* Data for processing

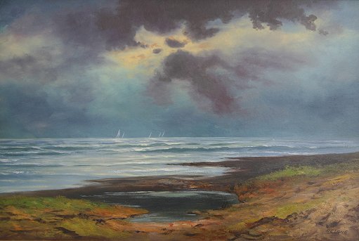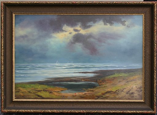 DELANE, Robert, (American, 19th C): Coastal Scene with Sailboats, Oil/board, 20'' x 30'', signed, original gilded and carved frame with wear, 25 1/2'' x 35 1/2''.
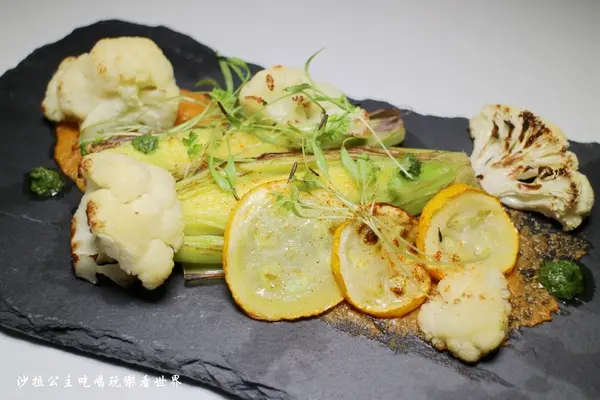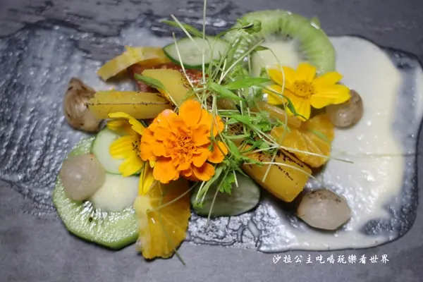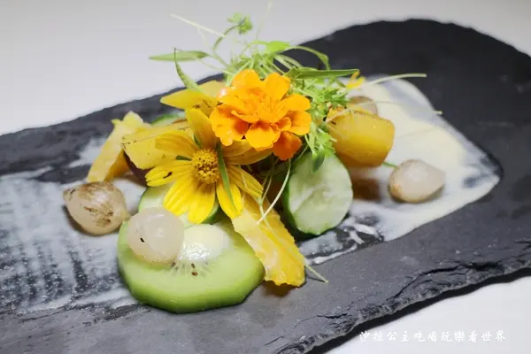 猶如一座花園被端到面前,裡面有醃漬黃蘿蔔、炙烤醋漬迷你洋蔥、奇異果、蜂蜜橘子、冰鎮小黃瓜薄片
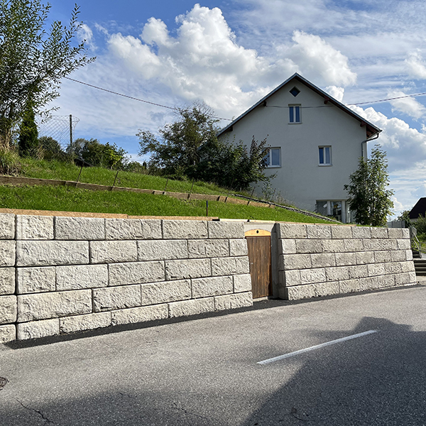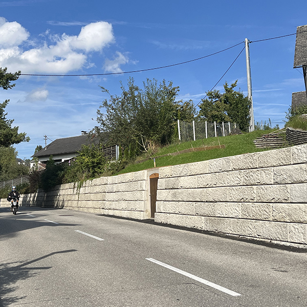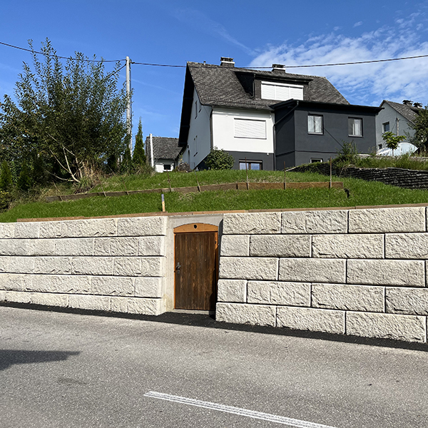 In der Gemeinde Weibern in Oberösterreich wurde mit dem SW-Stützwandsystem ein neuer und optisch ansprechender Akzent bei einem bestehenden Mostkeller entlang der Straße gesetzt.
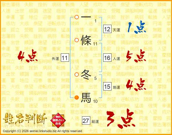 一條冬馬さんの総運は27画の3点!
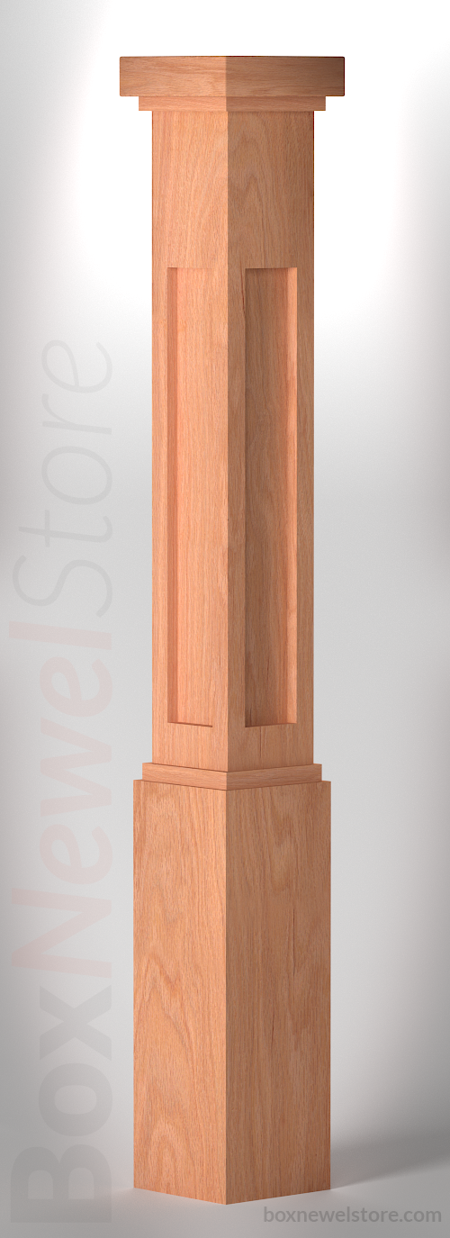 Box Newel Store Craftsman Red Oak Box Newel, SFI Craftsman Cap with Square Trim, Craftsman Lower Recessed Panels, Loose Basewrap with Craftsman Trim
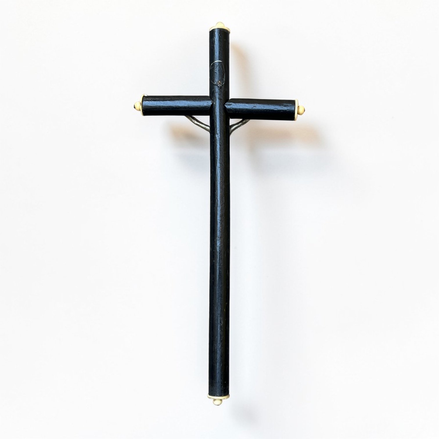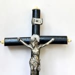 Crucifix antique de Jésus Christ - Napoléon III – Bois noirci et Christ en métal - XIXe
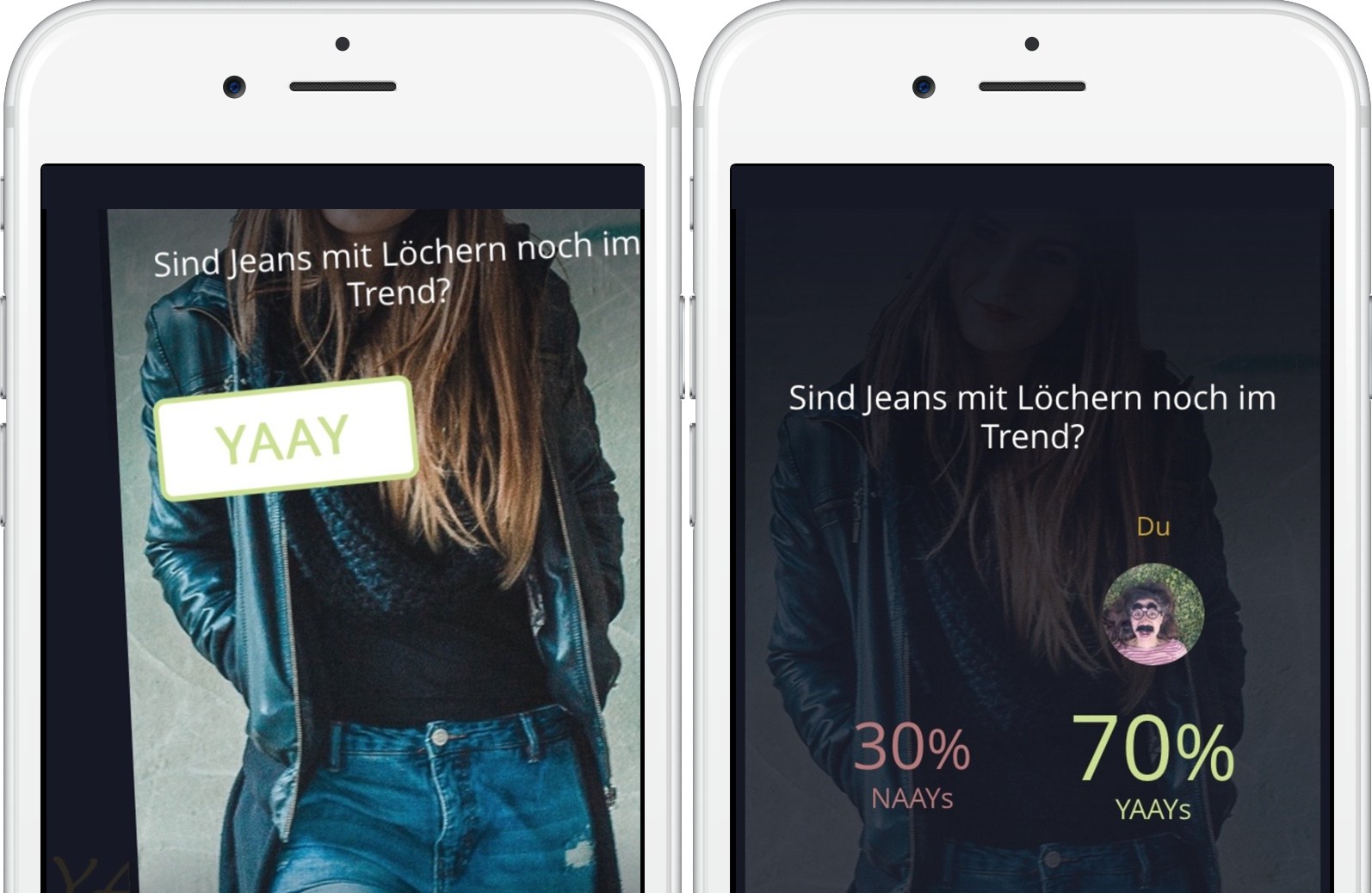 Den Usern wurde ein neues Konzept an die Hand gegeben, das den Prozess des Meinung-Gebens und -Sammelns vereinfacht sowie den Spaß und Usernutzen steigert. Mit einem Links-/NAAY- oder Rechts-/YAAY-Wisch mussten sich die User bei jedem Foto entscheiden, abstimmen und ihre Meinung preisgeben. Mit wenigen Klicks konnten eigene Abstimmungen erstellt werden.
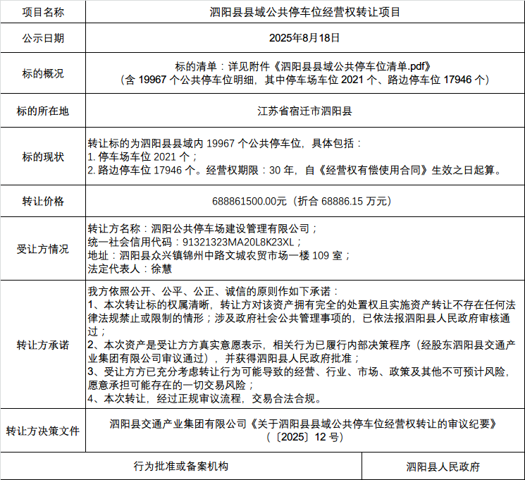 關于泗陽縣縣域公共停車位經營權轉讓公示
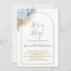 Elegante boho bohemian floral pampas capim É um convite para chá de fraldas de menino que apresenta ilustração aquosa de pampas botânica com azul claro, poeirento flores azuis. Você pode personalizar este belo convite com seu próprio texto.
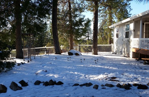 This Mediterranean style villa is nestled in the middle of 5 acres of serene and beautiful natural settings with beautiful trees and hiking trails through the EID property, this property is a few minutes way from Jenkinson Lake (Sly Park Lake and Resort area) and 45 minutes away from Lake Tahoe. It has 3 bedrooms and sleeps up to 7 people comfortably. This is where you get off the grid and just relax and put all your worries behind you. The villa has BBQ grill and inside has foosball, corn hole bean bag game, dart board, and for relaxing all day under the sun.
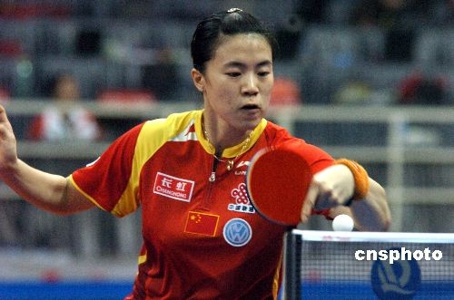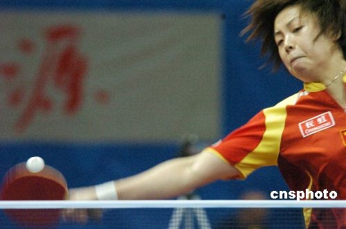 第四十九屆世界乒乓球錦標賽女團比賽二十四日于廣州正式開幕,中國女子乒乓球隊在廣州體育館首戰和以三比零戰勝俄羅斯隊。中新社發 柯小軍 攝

* Work to complete
When you reach the line that has "一條冬馬さんの総運は27画の3点!" in the data above, start repeating lines exactly, and stop after the line that has "Elegante boho bohemian"; pictures stay out.

* Result of the task
 一條冬馬さんの総運は27画の3点!
 Box Newel Store Craftsman Red Oak Box Newel, SFI Craftsman Cap with Square Trim, Craftsman Lower Recessed Panels, Loose Basewrap with Craftsman Trim
 Crucifix antique de Jésus Christ - Napoléon III – Bois noirci et Christ en métal - XIXe
 Den Usern wurde ein neues Konzept an die Hand gegeben, das den Prozess des Meinung-Gebens und -Sammelns vereinfacht sowie den Spaß und Usernutzen steigert. Mit einem Links-/NAAY- oder Rechts-/YAAY-Wisch mussten sich die User bei jedem Foto entscheiden, abstimmen und ihre Meinung preisgeben. Mit wenigen Klicks konnten eigene Abstimmungen erstellt werden.
 關于泗陽縣縣域公共停車位經營權轉讓公示
 Elegante boho bohemian floral pampas capim É um convite para chá de fraldas de menino que apresenta ilustração aquosa de pampas botânica com azul claro, poeirento flores azuis. Você pode personalizar este belo convite com seu próprio texto.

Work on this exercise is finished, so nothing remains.